Entries supplied Start Marker

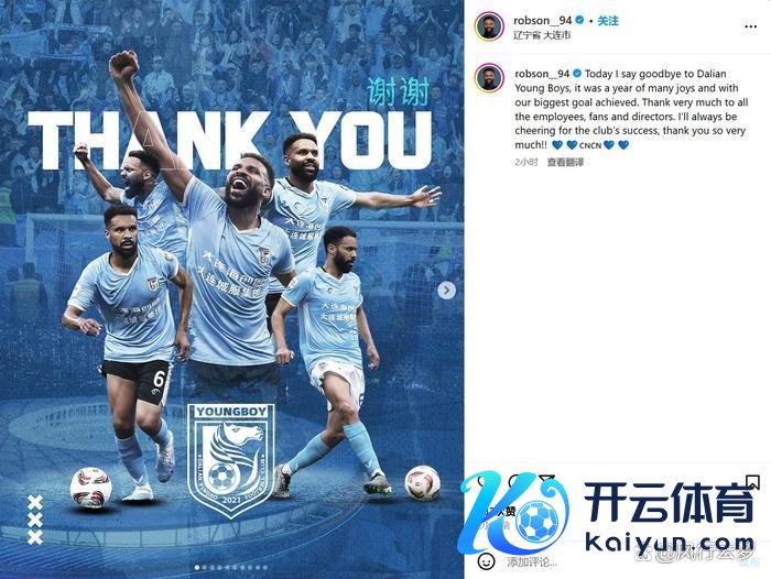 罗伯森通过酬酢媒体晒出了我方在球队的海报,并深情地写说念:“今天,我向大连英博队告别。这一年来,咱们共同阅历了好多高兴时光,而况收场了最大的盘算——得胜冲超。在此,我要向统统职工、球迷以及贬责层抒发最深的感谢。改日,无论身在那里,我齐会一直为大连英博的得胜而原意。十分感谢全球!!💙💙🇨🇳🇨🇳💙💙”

Entries supplied End Marker
Entries supplied Start Marker

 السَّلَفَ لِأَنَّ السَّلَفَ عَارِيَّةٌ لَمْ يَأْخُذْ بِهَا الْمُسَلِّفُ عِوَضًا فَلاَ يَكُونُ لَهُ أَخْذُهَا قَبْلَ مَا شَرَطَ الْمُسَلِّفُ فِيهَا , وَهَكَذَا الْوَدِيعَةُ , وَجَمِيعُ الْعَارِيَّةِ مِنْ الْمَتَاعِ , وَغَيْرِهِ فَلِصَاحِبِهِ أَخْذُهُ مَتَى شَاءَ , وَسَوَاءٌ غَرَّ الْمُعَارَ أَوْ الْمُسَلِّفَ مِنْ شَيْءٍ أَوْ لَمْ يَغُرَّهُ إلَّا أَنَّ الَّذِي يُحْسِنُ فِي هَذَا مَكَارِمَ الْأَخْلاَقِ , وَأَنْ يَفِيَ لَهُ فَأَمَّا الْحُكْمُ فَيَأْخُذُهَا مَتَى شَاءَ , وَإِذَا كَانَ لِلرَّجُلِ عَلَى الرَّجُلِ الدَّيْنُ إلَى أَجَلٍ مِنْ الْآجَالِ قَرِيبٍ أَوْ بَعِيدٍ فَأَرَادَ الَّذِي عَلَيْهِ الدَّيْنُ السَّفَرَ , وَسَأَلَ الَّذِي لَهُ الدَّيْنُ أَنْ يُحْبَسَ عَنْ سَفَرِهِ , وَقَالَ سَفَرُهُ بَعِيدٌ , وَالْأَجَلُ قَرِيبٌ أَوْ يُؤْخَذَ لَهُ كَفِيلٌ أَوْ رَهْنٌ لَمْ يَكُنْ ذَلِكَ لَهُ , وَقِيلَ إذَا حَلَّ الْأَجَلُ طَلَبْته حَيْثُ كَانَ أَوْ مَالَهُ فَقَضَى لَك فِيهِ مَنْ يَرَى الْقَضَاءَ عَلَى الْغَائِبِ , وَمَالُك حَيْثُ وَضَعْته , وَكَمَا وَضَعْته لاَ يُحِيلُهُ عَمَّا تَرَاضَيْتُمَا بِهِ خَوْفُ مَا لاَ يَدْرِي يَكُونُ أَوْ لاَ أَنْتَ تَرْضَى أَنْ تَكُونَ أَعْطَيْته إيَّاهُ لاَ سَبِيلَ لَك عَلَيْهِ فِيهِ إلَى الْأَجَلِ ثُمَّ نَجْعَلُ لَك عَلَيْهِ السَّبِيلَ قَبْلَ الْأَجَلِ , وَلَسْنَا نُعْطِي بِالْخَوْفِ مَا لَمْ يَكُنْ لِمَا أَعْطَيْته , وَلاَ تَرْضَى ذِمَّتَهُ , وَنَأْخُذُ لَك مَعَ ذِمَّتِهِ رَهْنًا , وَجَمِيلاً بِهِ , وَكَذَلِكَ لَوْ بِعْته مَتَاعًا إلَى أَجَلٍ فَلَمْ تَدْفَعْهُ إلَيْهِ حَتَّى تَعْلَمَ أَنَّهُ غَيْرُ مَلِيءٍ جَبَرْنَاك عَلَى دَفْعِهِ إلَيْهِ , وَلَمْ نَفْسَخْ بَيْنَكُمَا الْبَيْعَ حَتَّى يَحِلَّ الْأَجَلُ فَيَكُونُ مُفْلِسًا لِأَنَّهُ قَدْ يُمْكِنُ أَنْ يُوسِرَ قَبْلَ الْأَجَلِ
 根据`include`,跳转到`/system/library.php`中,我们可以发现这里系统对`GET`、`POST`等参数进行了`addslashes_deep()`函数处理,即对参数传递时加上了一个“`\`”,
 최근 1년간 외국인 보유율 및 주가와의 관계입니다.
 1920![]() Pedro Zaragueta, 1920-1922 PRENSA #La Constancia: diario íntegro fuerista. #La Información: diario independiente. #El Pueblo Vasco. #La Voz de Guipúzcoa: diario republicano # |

Entries supplied End Marker
Entries supplied Start Marker

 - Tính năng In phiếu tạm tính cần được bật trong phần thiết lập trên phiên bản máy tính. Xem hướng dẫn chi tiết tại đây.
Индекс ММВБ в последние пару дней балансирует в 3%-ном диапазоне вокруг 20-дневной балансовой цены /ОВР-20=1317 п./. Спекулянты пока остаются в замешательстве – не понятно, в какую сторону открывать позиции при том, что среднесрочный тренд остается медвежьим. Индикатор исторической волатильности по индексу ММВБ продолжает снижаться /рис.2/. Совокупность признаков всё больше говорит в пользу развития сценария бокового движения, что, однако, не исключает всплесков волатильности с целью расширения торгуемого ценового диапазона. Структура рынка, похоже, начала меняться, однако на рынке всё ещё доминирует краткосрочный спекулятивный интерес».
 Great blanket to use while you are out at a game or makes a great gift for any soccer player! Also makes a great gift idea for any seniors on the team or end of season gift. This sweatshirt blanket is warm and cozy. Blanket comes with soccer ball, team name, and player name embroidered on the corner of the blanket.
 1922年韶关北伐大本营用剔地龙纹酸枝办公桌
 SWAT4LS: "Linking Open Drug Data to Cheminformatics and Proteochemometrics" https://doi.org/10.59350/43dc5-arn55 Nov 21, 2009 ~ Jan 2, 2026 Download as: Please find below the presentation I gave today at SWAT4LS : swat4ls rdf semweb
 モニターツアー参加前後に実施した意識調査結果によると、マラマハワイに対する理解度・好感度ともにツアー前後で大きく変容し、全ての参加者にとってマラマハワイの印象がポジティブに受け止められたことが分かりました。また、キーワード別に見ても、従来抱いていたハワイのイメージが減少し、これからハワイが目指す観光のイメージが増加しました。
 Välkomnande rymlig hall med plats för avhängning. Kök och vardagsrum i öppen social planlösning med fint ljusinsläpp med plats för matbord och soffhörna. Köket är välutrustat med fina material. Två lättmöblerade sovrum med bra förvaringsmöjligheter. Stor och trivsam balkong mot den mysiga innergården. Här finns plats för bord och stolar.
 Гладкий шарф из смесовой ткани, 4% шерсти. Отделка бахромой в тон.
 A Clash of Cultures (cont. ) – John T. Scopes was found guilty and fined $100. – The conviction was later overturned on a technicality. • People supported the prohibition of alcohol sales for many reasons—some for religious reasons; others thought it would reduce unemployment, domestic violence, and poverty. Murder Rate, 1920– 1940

Entries supplied End Marker

_Your task_
Would you print exactly and only the lines of the material above that run from the line with "최근 1년간 외국인 보유율 및 주가와의 관계입니다." through the line with "1920![]() Pedro Zaragueta, 1920-1922", both included?

_Written answer_
 최근 1년간 외국인 보유율 및 주가와의 관계입니다.
 1920![]() Pedro Zaragueta, 1920-1922 PRENSA #La Constancia: diario íntegro fuerista. #La Información: diario independiente. #El Pueblo Vasco. #La Voz de Guipúzcoa: diario republicano # |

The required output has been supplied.